I should have considered all this as no more than a sort of flippant, vain discourse, in which, as in an unsavory fume, several persons suffer the spirit of liberty to evaporate, if it were not plainly in support of the idea, and a part of the scheme, of “cashiering kings for misconduct.” In that light it is worth some observation.
Kings, in one sense, are undoubtedly the servants of the people, because their power has no other rational end than that of the general advantage; but it is not true that they are, in the ordinary sense, (by our Constitution, at least,) anything like servants,—the essence of whose situation is to obey the commands of some other, and to be removable at pleasure. But the king of Great Britain obeys no other person; all other persons are individually, and collectively too, under him, and owe to him a legal obedience. The law, which knows neither to flatter nor to insult, calls this high-magistrate, not our servant, as this humble divine calls him, but “our sovereign lord the king”; and we, on our parts, have learned to speak only the primitive language of the law, and not the confused jargon of their Babylonian pulpits.

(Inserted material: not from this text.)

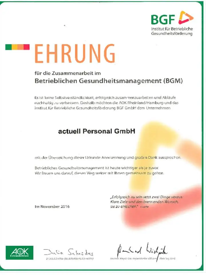 AOK zeichnet actuell-Team für vorbildlichen Gesundheitsschutz aus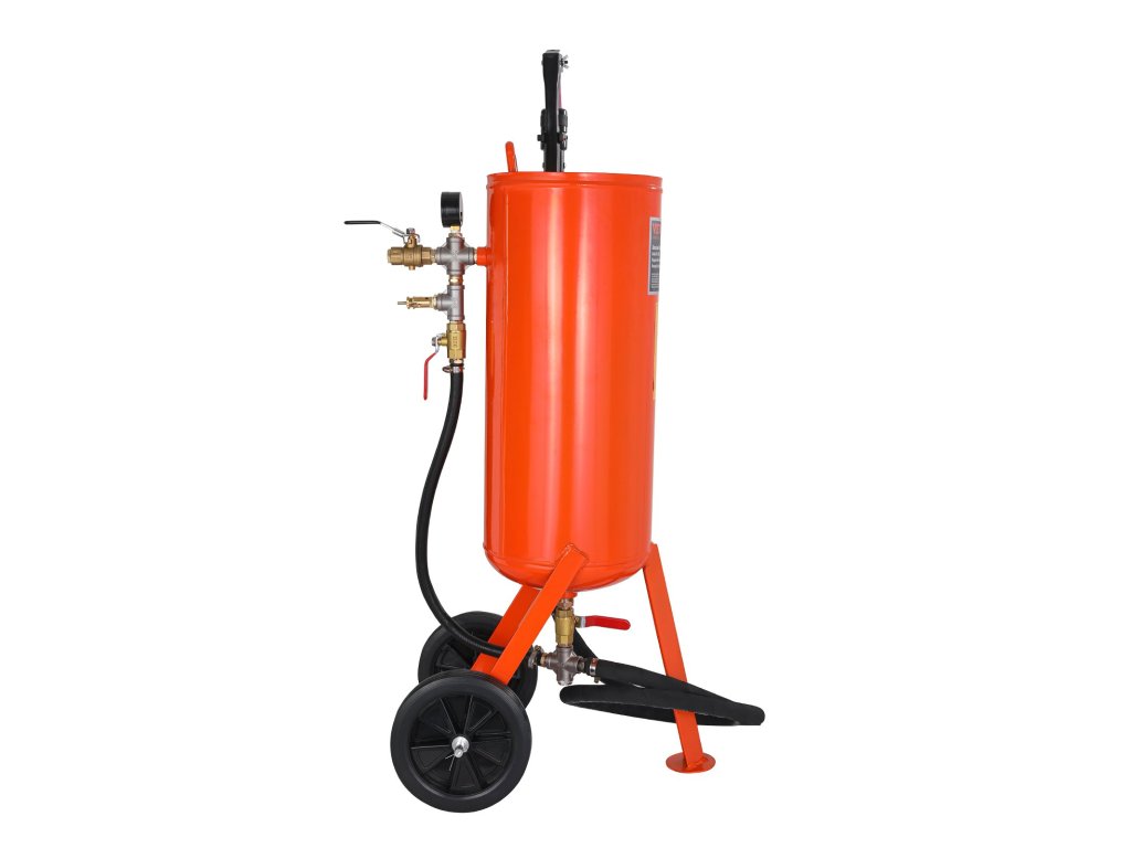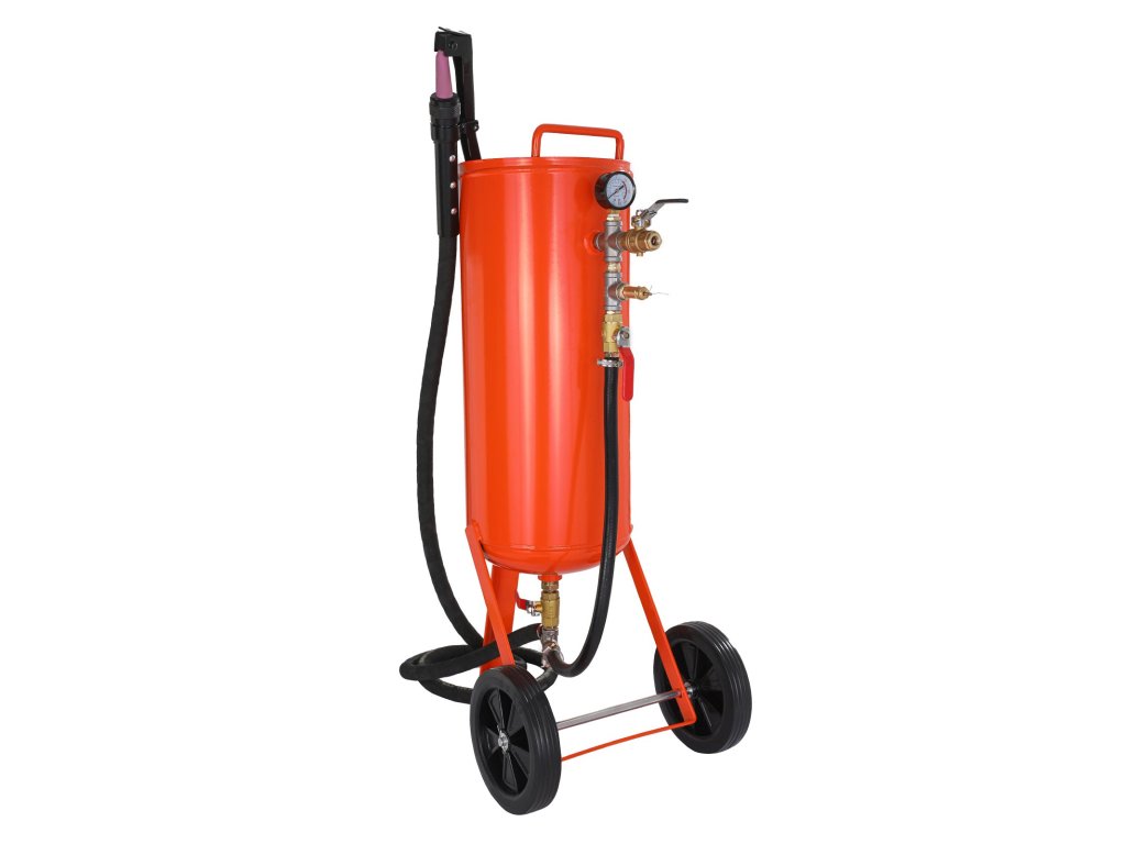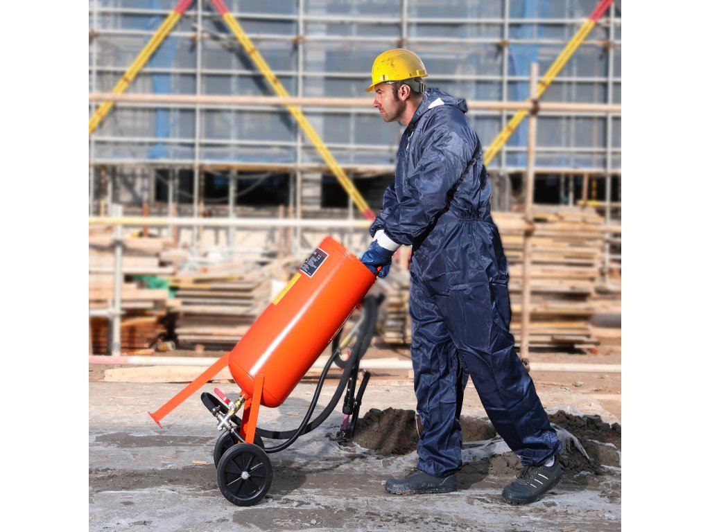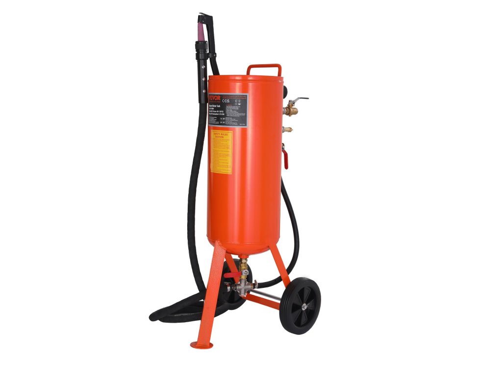 37,9 literes homokfúvó, 60–110 PSI nyomás, 2 fúvóka, 228,6 cm-es tömlő

As he is not to obey us, but we are to obey the law in him, our Constitution has made no sort of provision towards rendering him, as a servant, in any degree responsible. Our Constitution knows nothing of a magistrate like the Justicia of Aragon,—nor of any court legally appointed, nor of any process legally settled, for submitting the king to the responsibility belonging to all servants. In this he is not distinguished from the commons and the lords, who, in their several public capacities, can never be called to an account for their conduct; although the Revolution Society chooses to assert, in direct opposition to one of the wisest and most beautiful parts of our Constitution, that “a king is no more than the first servant of the public, created by it, and responsible to it.”
Ill would our ancestors at the Revolution have deserved their fame for wisdom, if they had found no security for their freedom, but in rendering their government feeble in its operations and precarious in its tenure,—if they had been able to contrive no better remedy against arbitrary power than civil confusion. Let these gentlemen state who that representative public is to whom they will affirm the king, as a servant, to be responsible. It will be then time enough for me to produce to them the positive statute law which affirms that he is not.